Covered in slippery goo, this snake-bodied fish is surprisingly agile and elusive. The eel walks discreetly through the murky depths with a reputation as a scavenger and is considered the most dangerous creature – the highest level of threat.
According to “BBC News Brazil”, the eel “already collects tax in the UK, feeds people and animals in Europe and North Africa and supports one of the few commercial freshwater fisheries in this part of the world”.
But, he adds, “The most intriguing thing has always been its origin. After all, where do they come from? This question is the mystery of the eel, which has fascinated naturalists throughout history.
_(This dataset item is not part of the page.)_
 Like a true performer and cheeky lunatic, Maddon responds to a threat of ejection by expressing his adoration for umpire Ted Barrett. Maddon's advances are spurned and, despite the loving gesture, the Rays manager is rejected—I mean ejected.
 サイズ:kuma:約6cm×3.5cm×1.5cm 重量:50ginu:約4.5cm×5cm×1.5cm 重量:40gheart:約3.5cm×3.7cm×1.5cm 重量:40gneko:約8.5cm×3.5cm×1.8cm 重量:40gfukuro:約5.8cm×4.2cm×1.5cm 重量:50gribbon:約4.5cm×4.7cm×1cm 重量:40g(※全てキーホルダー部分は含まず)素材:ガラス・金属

Aristotle, Pliny, Aldrovandi and even Sigmund Freud tried to explain the simple existence of an animal that did not reproduce. Each of them proposed a plan including spontaneous generation.
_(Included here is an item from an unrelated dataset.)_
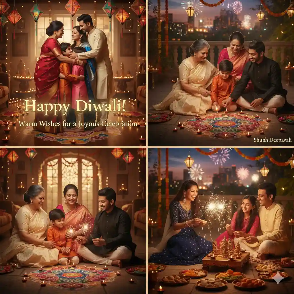 - Traditional Diwali Celebration Scene (Great for Boys & Girls) Prompt: “Generate a vibrant Diwali family celebration with diyas, rangoli patterns, and festive sweets. Include children playing with sparklers, women in colorful sarees, and men in kurta pajamas. Capture the warm glow of diyas and soft firework lighting in the background.” Details: Ideal for WhatsApp status—customize with “add a boy bursting crackers” for boys or “focus on girls in lehengas” for girls. Trending in 2025 for family vibes (searches for “Diwali family images AI” at 20K+).

“BBC News Brazil” explains that the main breakthrough in solving this puzzle came from the efforts and dedication of the Danish biologist Johannes Schmidt, who in the early years of the 20th century was looking for the origin of European eels.
At the end of the 19th century, the Italian zoologist Giovanni Grassi discovered that some small, transparent, leaf-shaped marine fishes called Leptocephalus brevirostris were actually young forms of eels, which we now call Leptocephalus larvae. .
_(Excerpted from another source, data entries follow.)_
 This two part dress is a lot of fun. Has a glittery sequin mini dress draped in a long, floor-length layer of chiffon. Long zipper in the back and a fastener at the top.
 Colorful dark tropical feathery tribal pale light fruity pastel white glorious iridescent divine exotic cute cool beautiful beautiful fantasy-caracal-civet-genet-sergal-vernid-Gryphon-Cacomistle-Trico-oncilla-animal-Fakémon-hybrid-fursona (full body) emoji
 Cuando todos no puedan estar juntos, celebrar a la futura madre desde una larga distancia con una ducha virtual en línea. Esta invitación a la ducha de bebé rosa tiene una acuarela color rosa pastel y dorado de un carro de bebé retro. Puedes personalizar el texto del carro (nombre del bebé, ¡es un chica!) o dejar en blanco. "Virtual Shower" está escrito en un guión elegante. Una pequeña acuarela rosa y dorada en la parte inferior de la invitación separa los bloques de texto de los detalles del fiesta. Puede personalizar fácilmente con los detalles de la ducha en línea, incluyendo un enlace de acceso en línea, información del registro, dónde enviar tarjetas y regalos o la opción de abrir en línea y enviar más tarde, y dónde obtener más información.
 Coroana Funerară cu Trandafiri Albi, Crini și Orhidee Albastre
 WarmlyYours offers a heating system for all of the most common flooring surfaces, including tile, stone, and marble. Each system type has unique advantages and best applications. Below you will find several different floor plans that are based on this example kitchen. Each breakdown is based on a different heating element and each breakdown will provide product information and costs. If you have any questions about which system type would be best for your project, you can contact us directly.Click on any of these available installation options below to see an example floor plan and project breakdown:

“When they approach the European coast, the larvae transform into eels. In this form, they penetrate rivers and swamps,” explains the news website, adding that Grassi’s discovery “made it clear that eels come from the sea. But the sea is much bigger”.
Schmidt published his work in 1923, and since then “we have emphasized the breeding of eels in the Sargasso Sea”.
But the eel is currently facing “population collapse”. Since 1980, its population has declined by more than 95%. Today, the eel is “considered an endangered species – very high threat level,” the website explains.
According to the same source, in the Iberian Peninsula, the eel has lost 85% of the territory it historically occupied due to the “barrier effect of dams”. Today, it seems strange that the Spaniards fished for eels in the areas of Valencia, Soria or Albacete, but this activity was common before the proliferation of dams.
When the dams allow the eels to go upstream, the effect is “even worse, because the journey back to the sea often involves passing electricity-generating turbines, with little chance of survival”, “BBC News Brazil” underlines.
The site adds that eel fishing is a century-old industry, but its commercial exploitation is more recent. Eel fishing in the Guadalquivir River in Spain began in the 1970s and may have resulted in “strong overexploitation of the species”.
The International Council for the Exploration of the Sea (ICES) proposed on November 3, from 2023, a complete ban on fishing of eels in all their habitats, in all life stages and for any purpose.
“It is vital that Europe’s regional, national and continental institutions strictly enforce this ban.”